DATA RECORDS —
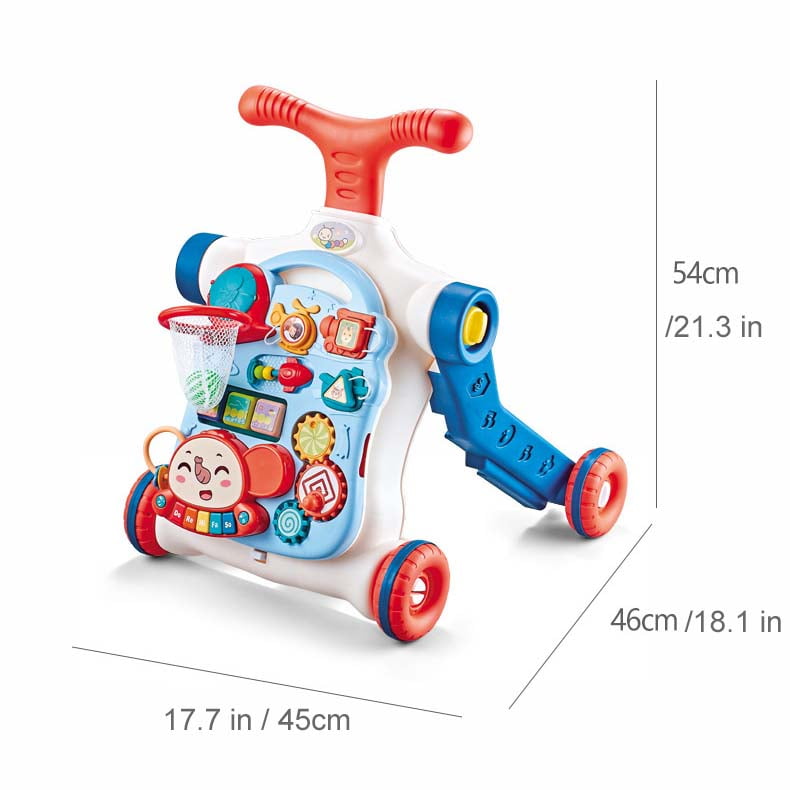 [5 in 1 Design]: This multi-functional sit-to-stand learning walker has 5 modes: baby walker mode,motorbike mode,baby activity table mode,scooter mode,and toddler push car mode. Our baby play walkers are not only educational but also recreational, various intelligent game for kids to entertain meanwhile promote brain development. Excellent baby walking toys for 1 year old toddler! [Safe for Kids]: Our push walker toy for babies is made of high-quality durable materials and were 100% safe and non-toxic,thicken ABS plastic,the smooth & round edge and non-slip handle design can protect your baby’s small hands. The stable triangular supportive structure and superior material make push toys for toddlers 1-3 more stable and avoid rollover 【Smooth Wheels】Built with universal wheels for smooth sliding in all directions. 【Ideal Gifts】This sit-to-stand walker is the best gift choice for Christmas,Birthday,Children’s Day.
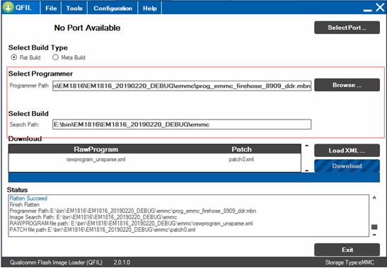 l 设置刷机包路径(即第3步中的输出路径\emmc\prog_emmc_firehose_8909_ddr.mbn)
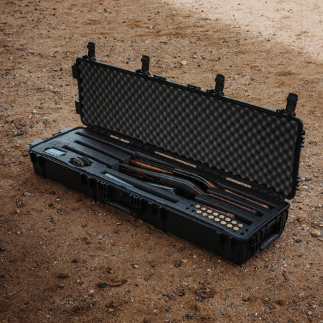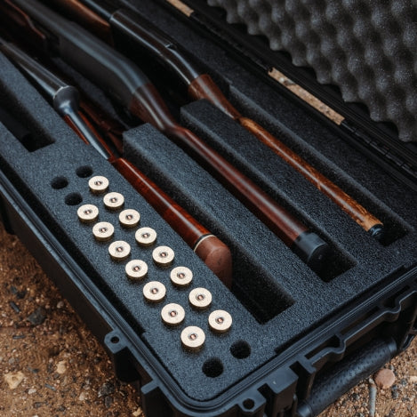 This #2106 hard case comes with pre-cut foam for 3 shotguns, 2+ ammo boxes, and accessories. Shotgun forms are 49.81” length x 1.85” width x 4.50” deep. Square accessory pockets are 4.25” length x 2.81” width x 4.50" deep. Long accessory pocket is 18.35" length x 1.44" width x 4.50" deep. Includes convoluted (egg-crate) foam in the lid.
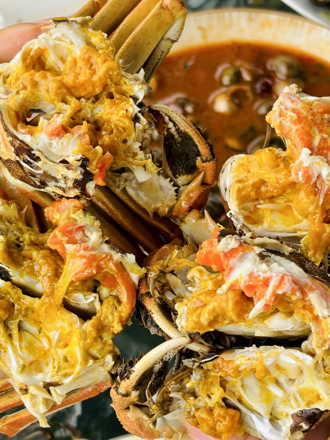 蟹黄饱满! 而且,农家乐的每一道菜都好吃 😋 比手掌还大的阳澄湖一号🦐,汤咸味美的土鸡汤🐔,肉质细嫩的白鱼🐟,鲜嫩香滑的炒鸡蛋🍳 - 这次我直接找到湖里的养殖户,现捞现选!一次吃过瘾!
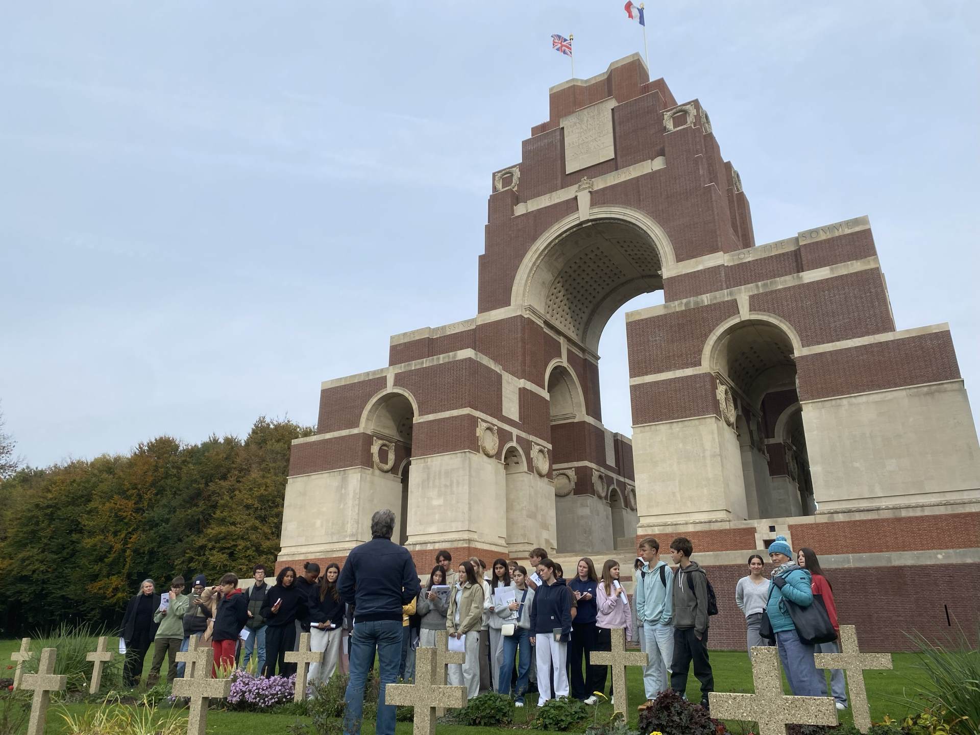 The photos show students visiting the Thiepval Memorial that commemorates the missing soldiers from the Battle of the Somme, and the Belgian town of Ypres central to the Flanders Fields area.
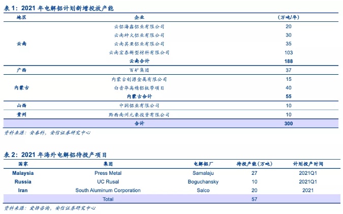 国内2021年计划投产产能约300万吨。据安泰科统计,国内2021年计划投产产能约300万吨,考虑魏桥为在产置换产能,实际2021年国内具备投产条件的新增产能规模200万吨,主要集中在内蒙古、云南、广西等相对低成本区域。但受制于配套建设进度、资金,投产进度较为缓慢,预计全年净贡献产量约100-150万吨。
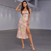 Wrapped Chest Printed Waist Controlled Cami Dress
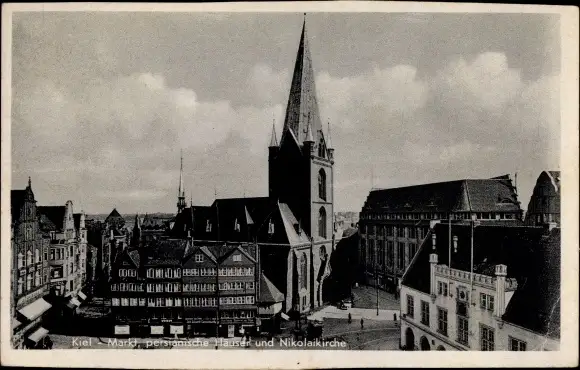 Ak Hansestadt Kiel, Markt, persianische Häuser und Nikolaikirche
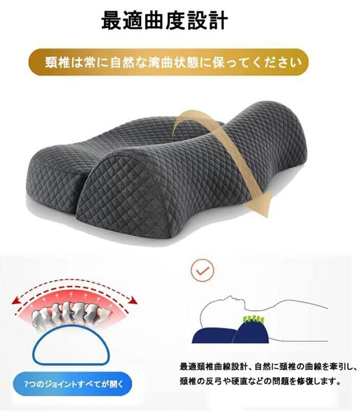 ・ 人間工学に基づいた設計、しっかりと頭、首、頚椎、肩をやさしく支えています。呼吸がやすいし、いびき防止し、首がラクし、肩こり改善し、寝姿勢が良くなります。仰向け、横向き、どんな姿勢でも寝心地がもっと安定で、体への負担を軽減して、空間を埋めるために適切な硬さを提供し、仰向けでも横向きでもどんな姿勢でも理想的な曲線を維持できるから寝違えも起こりにくいです。
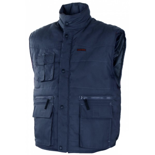 dół bezrękawnika dopasowany za pomocą gumek umieszczonych z tyłu bezrękawnika, przy szwach bocznych,
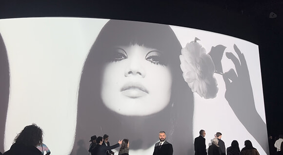 ランウェイの両サイドのスクリーンに韓国人アーティスト、ジョン・グムヒョンの映像作品が写し出されて。
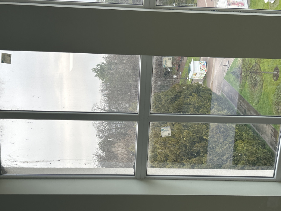 The image displays an outdoor scene in Silistra, Bulgaria, viewed through a multi-paned window with white frames. The window glass is visibly dirty, exhibiting streaks, smudges, and particulate matter, with two rectangular white labels affixed to its surface (one upper right, one lower left). The external environment, observed under an overcast sky, features a dense line of trees on the horizon, comprising a mixture of bare deciduous trees and green conifers. Below this treeline, a landscaped area is visible. In the mid-ground, a dark green, dense evergreen hedge runs diagonally, bordering a paved path. A central paved area contains a small, white, rectangular kiosk-like structure decorated with colorful fruit illustrations. Further back in the paved area, faint outlines of what appears to be a basketball hoop and benches are discernible. The lower right section of the view includes a patch of green grass featuring a single, small, leafless tree with a circular, mulched base. No individuals are present in the visible scene, and no specific actions or interactions are depicted.
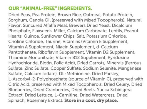 Dried Peas, Pea Protein, Brown Rice, Oatmeal, Potato Protein, Sorghum, Canola Oil (preserved with Mixed Tocopherols), Natural Flavor, Suncured Alfalfa Meal, Brewers Dried Yeast, Dicalcium Phosphate, Flaxseeds, Millet, Calcium Carbonate, Lentils, Peanut Hearts, Quinoa, Sunflower Chips, Salt, Potassium Chloride, Choline Chloride, Taurine, Vitamins (Vitamin E Supplement, Vitamin A Supplement, Niacin Supplement, d-Calcium Pantothenate, Riboflavin Supplement, Vitamin D2 Supplement, Thiamine Mononitrate, Vitamin B12 Supplement, Pyridoxine Hydrochloride, Biotin, Folic Acid), Dried Carrots, Minerals (Ferrous Sulfate, Zinc Sulfate, Copper Sulfate, Sodium Selenite, Manganese Sulfate, Calcium Iodate), DL-Methionine, Dried Parsley, L-Ascorbyl-2-Polyphosphate (source of Vitamin C), preserved with Citric Acid, preserved with Mixed Tocopherols, Dried Celery, Dried Blueberries, Dried Cranberries, Dried Beets, Yucca Schidigera Extract, Dried Lettuce, L-Carnitine, Dried Watercress, Dried Spinach, Rosemary Extract. Store in a cool, dry place.

EXERCISE DIRECTIONS — Print the data above exactly, from its first line to the line bearing "Ak Hansestadt Kiel, Markt, persianische" inclusive, and keep pictures out of the result.

SOLUTION —
 [5 in 1 Design]: This multi-functional sit-to-stand learning walker has 5 modes: baby walker mode,motorbike mode,baby activity table mode,scooter mode,and toddler push car mode. Our baby play walkers are not only educational but also recreational, various intelligent game for kids to entertain meanwhile promote brain development. Excellent baby walking toys for 1 year old toddler! [Safe for Kids]: Our push walker toy for babies is made of high-quality durable materials and were 100% safe and non-toxic,thicken ABS plastic,the smooth & round edge and non-slip handle design can protect your baby’s small hands. The stable triangular supportive structure and superior material make push toys for toddlers 1-3 more stable and avoid rollover 【Smooth Wheels】Built with universal wheels for smooth sliding in all directions. 【Ideal Gifts】This sit-to-stand walker is the best gift choice for Christmas,Birthday,Children’s Day.
 l 设置刷机包路径(即第3步中的输出路径\emmc\prog_emmc_firehose_8909_ddr.mbn)
 This #2106 hard case comes with pre-cut foam for 3 shotguns, 2+ ammo boxes, and accessories. Shotgun forms are 49.81” length x 1.85” width x 4.50” deep. Square accessory pockets are 4.25” length x 2.81” width x 4.50" deep. Long accessory pocket is 18.35" length x 1.44" width x 4.50" deep. Includes convoluted (egg-crate) foam in the lid.
 蟹黄饱满! 而且,农家乐的每一道菜都好吃 😋 比手掌还大的阳澄湖一号🦐,汤咸味美的土鸡汤🐔,肉质细嫩的白鱼🐟,鲜嫩香滑的炒鸡蛋🍳 - 这次我直接找到湖里的养殖户,现捞现选!一次吃过瘾!
 The photos show students visiting the Thiepval Memorial that commemorates the missing soldiers from the Battle of the Somme, and the Belgian town of Ypres central to the Flanders Fields area.
 国内2021年计划投产产能约300万吨。据安泰科统计,国内2021年计划投产产能约300万吨,考虑魏桥为在产置换产能,实际2021年国内具备投产条件的新增产能规模200万吨,主要集中在内蒙古、云南、广西等相对低成本区域。但受制于配套建设进度、资金,投产进度较为缓慢,预计全年净贡献产量约100-150万吨。
 Wrapped Chest Printed Waist Controlled Cami Dress
 Ak Hansestadt Kiel, Markt, persianische Häuser und Nikolaikirche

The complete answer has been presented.